SUPPLIED MATERIAL:
━━━

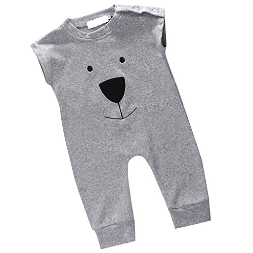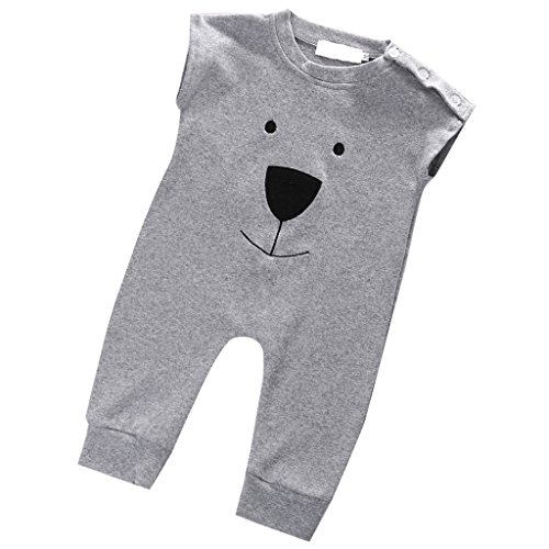 Lovoski かわいい ベビー 赤ちゃん コットン 袖なし クマ柄 ロンパース カバーオール グレー 全4サイズ - 80センチ
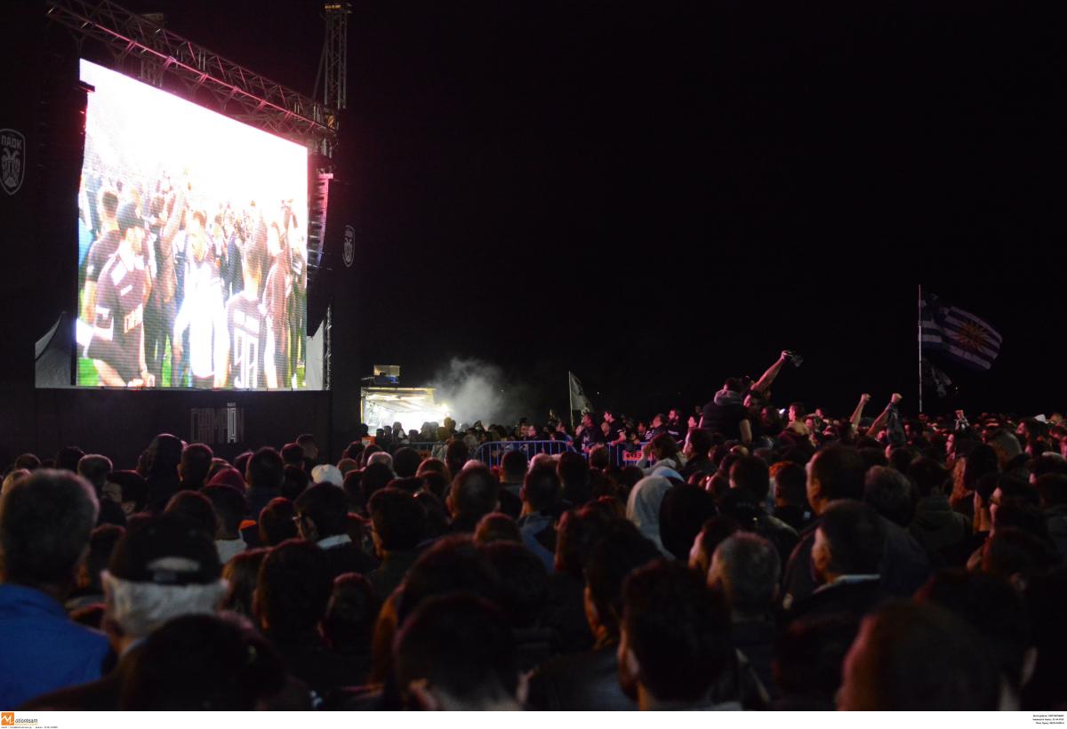 Βετεράνοι που φορούσαν μπλουζάκια που έγραφαν Champion με λογοπαίγνιο το 19, φάσεις από τις δύο σεζόν με τα… best of που οδήγησαν τον ΠΑΟΚ στις κούπες, παιδάκια με φωτεινές μπάλες, πυροτεχνήματα, πυρσοί έδωσαν τον τόνο στη φιέστα που στήθηκε.
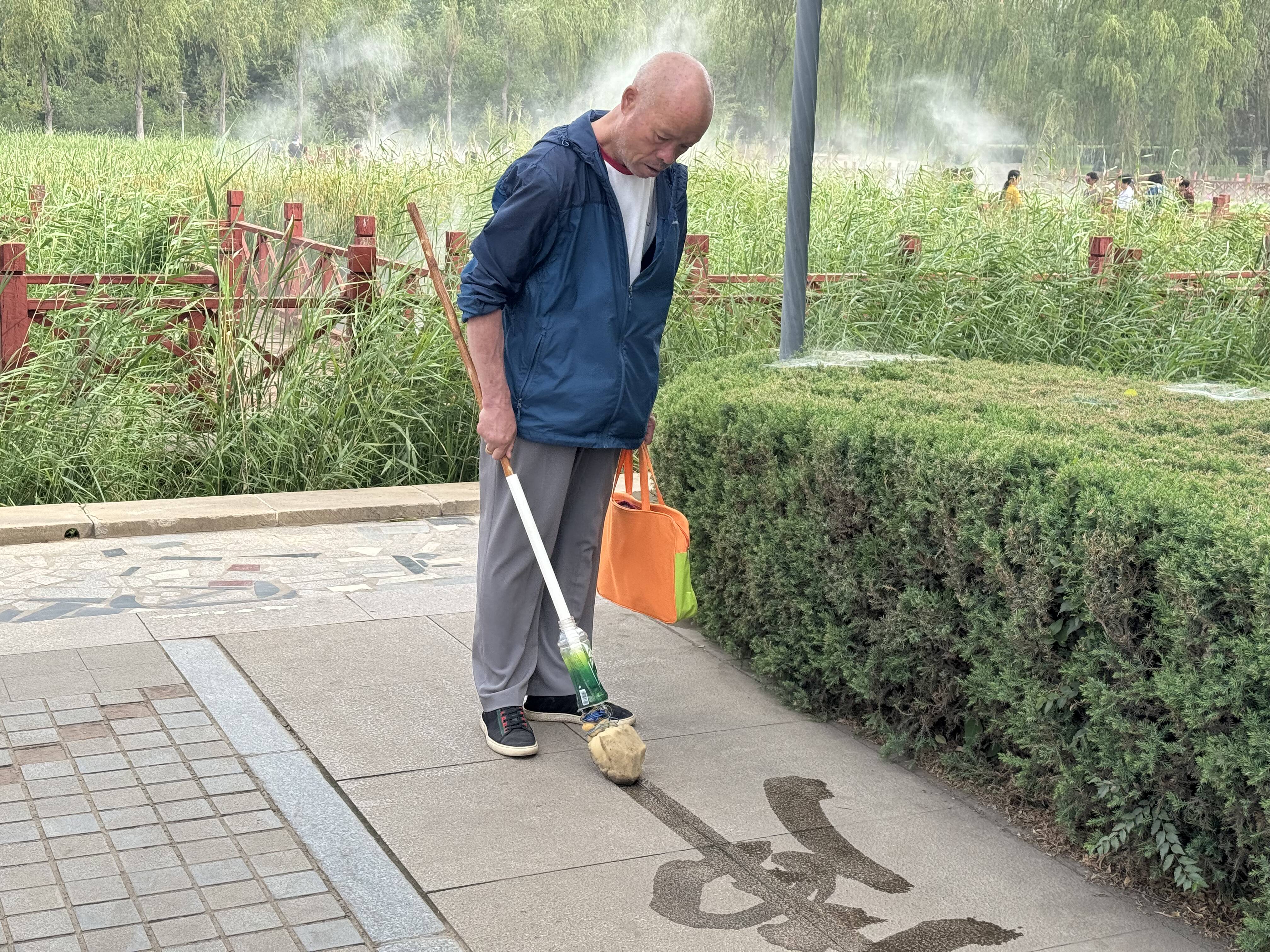 每当朝阳升起,市人民公园木制的棋牌桌凳也镀上了一层金色,老人们兴冲冲地摆好了棋,准备“一决高下”;人工河边,绿草地旁,垂柳掩映中的一片空地上有10余名地书爱好者在专注地练习地书;古香古色的凉亭前,有人气定神闲地练着太极,有人兴致勃勃地舞着剑……

━━━

DESCRIPTION OF THE TASK: Drop the pictures and reproduce the rest of the data above exactly.

ANSWER FOR THIS EXERCISE:
 Lovoski かわいい ベビー 赤ちゃん コットン 袖なし クマ柄 ロンパース カバーオール グレー 全4サイズ - 80センチ
 Βετεράνοι που φορούσαν μπλουζάκια που έγραφαν Champion με λογοπαίγνιο το 19, φάσεις από τις δύο σεζόν με τα… best of που οδήγησαν τον ΠΑΟΚ στις κούπες, παιδάκια με φωτεινές μπάλες, πυροτεχνήματα, πυρσοί έδωσαν τον τόνο στη φιέστα που στήθηκε.
 每当朝阳升起,市人民公园木制的棋牌桌凳也镀上了一层金色,老人们兴冲冲地摆好了棋,准备“一决高下”;人工河边,绿草地旁,垂柳掩映中的一片空地上有10余名地书爱好者在专注地练习地书;古香古色的凉亭前,有人气定神闲地练着太极,有人兴致勃勃地舞着剑……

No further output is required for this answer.